Analogues of semantic and geographic space𓂁

I've been working on word golf for more than a year, so I definitely won't be able to go into detail about everything I've done. There are dozens of experiments with interesting results that have appeared! But at this point my current work seems like a good fit for blog posts, so I'll just start writing it up here, and gradually add older content if it feels interesting enough in comparison.

Disclaimer: there's a high level of intuition at play here. No number or scale can accurately represent the intricacies of a language, and a lot of this is highly speculative.

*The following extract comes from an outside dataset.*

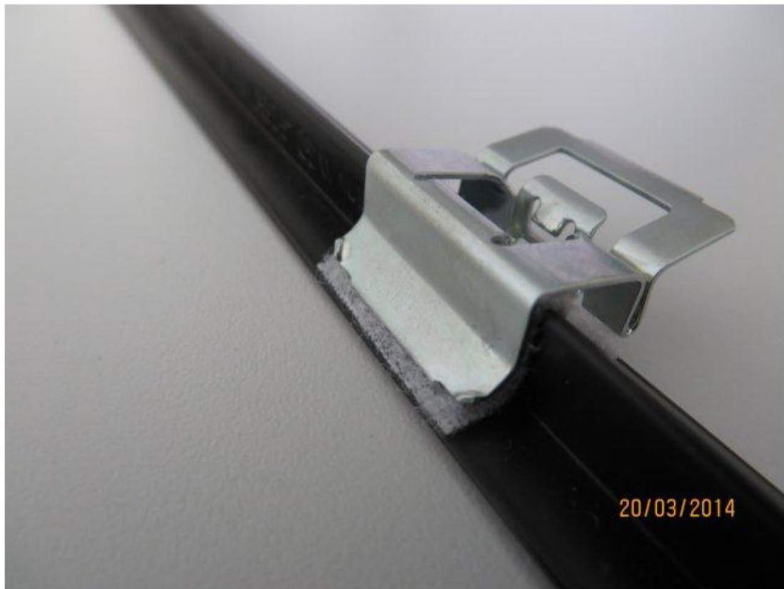
Figure 4: Retaining clip isolated with the fleece tape.

That being said, there's something about working with word models that appeals to me more than anything else. I term the process of filtering as sculpting: it's a negative process in the same way carving marble or whittling wood is. There's striving towards art involved, a perfect representation of the english language.I want to make beautiful models with coherent associations. I've made maybe three models to date. The current one being used in my model is GloVe after a long polishing process. The next one I'm working on is Word2Vec, which is a bit more recent.

There's a special excitement for me about word golf that I can't seem to be able to convey very well to others. When you click links you're literally jumping between points in wordspace. There's this whole analogy of semantic space to physical geography that isn't yet captured by anything that exists. I will set out to prove that this metaphor holds firm for models after applying dimensional reduction.

I'm using a commoncrawl word2vec model with a vocab size around 52k. Imports are gensim's KeyedVectors, the TSNE implementation from sklearn, and matplotlib.

        
            # coding=utf8>
            from gensim.models import KeyedVectors
            import numpy as np
            from sklearn.manifold import TSNE
            wv = KeyedVectors.load('w2v_base_2.kv')
            print(len(wv.key_to_index))
            X = wv[wv.key_to_index]
            tsne = TSNE(n_components=2)
            tsneX = tsne.fit_transform(X)
            np.savetxt('tsne.txt', tsneX, fmt='%f')

This gives us a list of coordinates for our words. We can then establish a compass of sorts by taking a look at the outermost points:

            
            sX, sY = set(X), set(Y)
            s_sX, s_sY = sorted(sX), sorted(sY)
            west_mosts = [X.index(s) for s in s_sX[0:10]]
            east_mosts = [X.index(s) for s in s_sX[-10:-1]]
            south_mosts = [Y.index(s) for s in s_sY[0:10]]
            north_mosts = [Y.index(s) for s in s_sY[-10:-1]]

So our compass looks like this:

            
            WEST: bluest,tourniquet,tourniquets,sweetens,sweeten,
            sweetened,sweetening,dormancy,dormant

            EAST: isn,doesn,weren,shouldn,couldn,hadn,wouldn,didn,hasn
            
            SOUTH: gobbled,gobble,gobbling,devours,devouring,devoured,ranch,ranching

            NORTH: smothered,suffocate,strangling,suffocated,strangled,
            asphyxiated,fending,fended,egged

My intuition: the W/E axis for the english language goes [object, hot, free <--> object, cold, determinate] and the S/N axis goes [active, life, relaxed <--> active death, formal]. Is this just speculation? Yes, but I looked at like five different samples and they were able to convince me of my own hypothesis. Haha. If it does hold, it is a really interesting result though, it seems to hint at a universal scale upon which all words are based. I should do a blind trial at some point, and also look at other reduced models to see if these pairs of axes have some universality to them.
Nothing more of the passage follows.